Actually I want to split the string "aa,bb,cc,dd,,,ee" into an array on .split(",") , which gives me an array of String ["aa","bb","cc","dd","","","ee"] length 7.

But when I try to split the array "aa,bb,cc,dd,,,," String "aa,bb,cc,dd,,,," into an array, it gives me an array of length 4 means that only ["aa","bb","cc","dd"] rejects all following blank lines.

I need a procedure that splits String as "aa,bb,cc,dd,,,," into an array ["aa","bb","cc","dd","","",""] .

Is this possible with java.lang.String api?

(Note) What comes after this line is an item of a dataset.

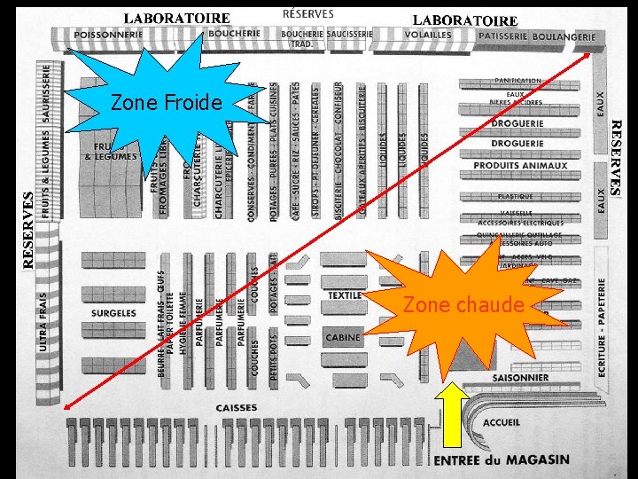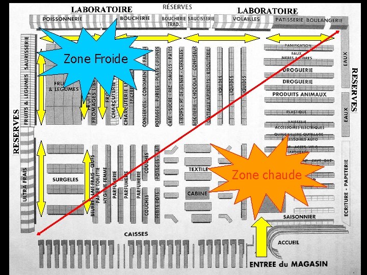 Quels sont les produits que le client vient acheter (généralement) en priorité ? Zone froide Produits alimentaires Zone chaude Produits non alimentaires

Thanks in advance.

+9
java string arrays split regex
Feb 05 '14 at 11:05
source share
2 answers

Use String.split(String regex, int limit) with a negative limit (e.g. -1).

 "aa,bb,cc,dd,,,,".split(",", -1) 

When String.split(String regex) is called, it is called with limit = 0, which removes all trailing blank lines in the array (in most cases, see below).

The actual behavior of String.split(String regex) rather confusing:

  • Splitting an empty string will result in an array of length 1. An empty string split will always contain an array of length 1 containing an empty string.
  • Separation of ";" or ";;;" with regex ";" will lead to empty. Non-empty string markup will delete all trailing blank lines in the array.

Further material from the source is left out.